Pensions - Articles - Workplace pension reforms - PwC's head of pensions comments


 The Department for Work and Pensions (DWP) has set out a range of proposals to reshape workplace pensions for future generations. Commenting on the proposals, Raj Mody, head of pensions at PwC, said:

 “It is great that the Government is focused on how to get more people to save for their retirement. The proposals hold a lot of merit in principle, but the stumbling block will be whether companies have the appetite to provide these types of pensions. Regular revisions to pension rules have left employers disillusioned, with little appetite to take on any more risk than they need to.

 “If the financial services market can develop products which meet the characteristics of the ideas outlined by the DWP, and with reasonable costs and charges, then employers will be much more prepared to adopt them. But I doubt many employers will want to initiate these kinds of protections for members and underwrite them directly, for fear of future governments ramping up the regulatory burden.

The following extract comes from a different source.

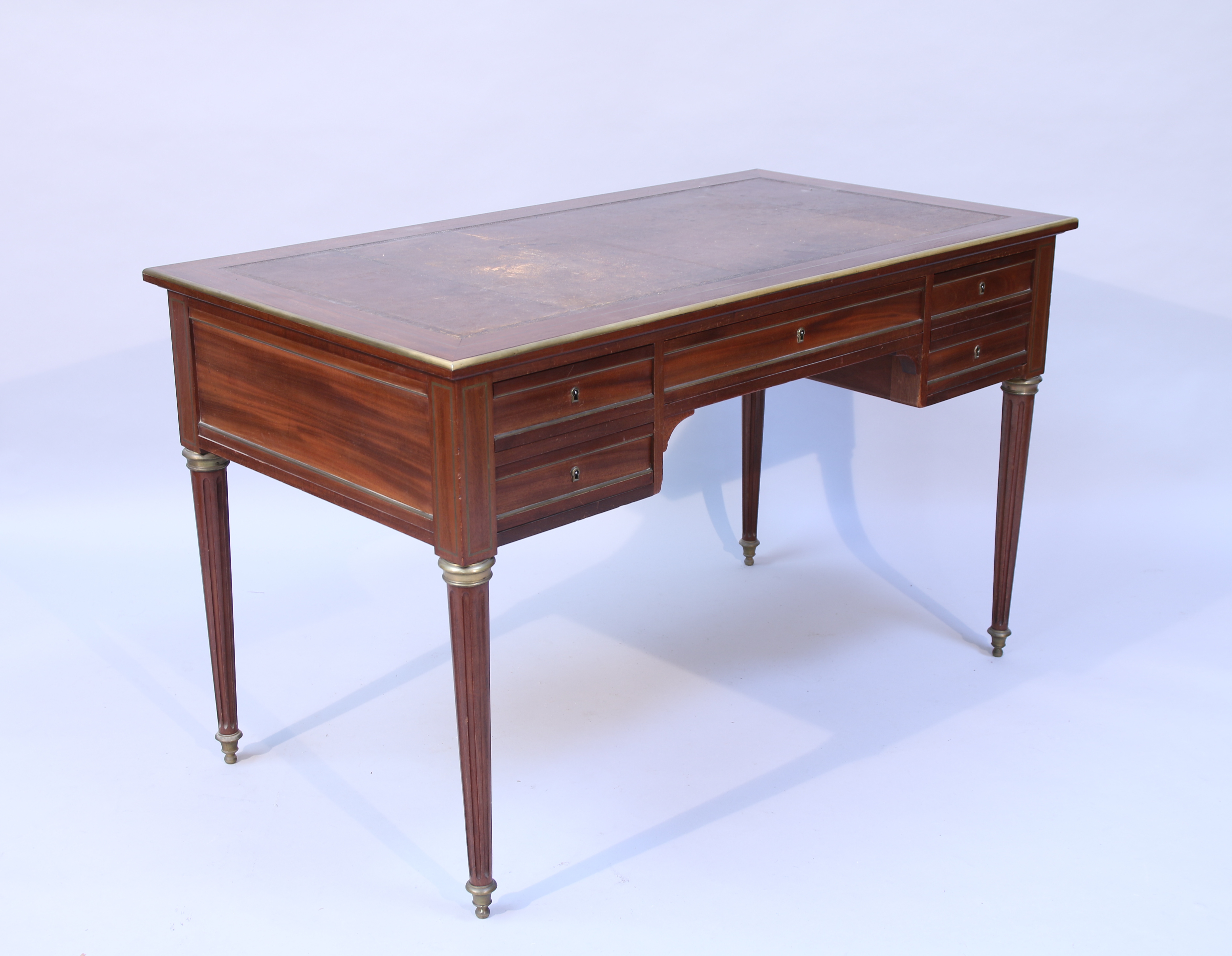 en acajou, ouvrant par quatre tiroirs sur deux rangs. Le plateau ceint d'une lingotière, garni d'un cuir estampé. Piétement fuselé et cannelé, orné de bagues et de sabots en bronze.

 The cost of trying to provide guarantees to defined contributions pots could be both expensive and prohibitive for employers and providers so there could be more value in educating scheme members as to how their pension scheme works and the risk and rewards that come with their investments.

 “The proposal to create a slimmed down defined benefit (DB) version is welcome but sadly is likely to be too little too late. The challenge will be persuading employers to move back towards an arrangement where they are tied into a pension promise, as so many have swung away from offering DB schemes. For a noticeable shift in company provision back to anything with a DB element, you would need to remove more than just the compulsory inflation-linking promise but also give more flexibility around areas like reacting to dramatic improvements in longevity for example."

 "What is needed for workers and employers alike is a simple, stable pensions regime so that they can easily plan for the long term. Improved visibility and clarity on how defined contribution pensions are performing over a worker's lifetime could really help improve trust in pensions as a stable and reliable way to save for their retirement."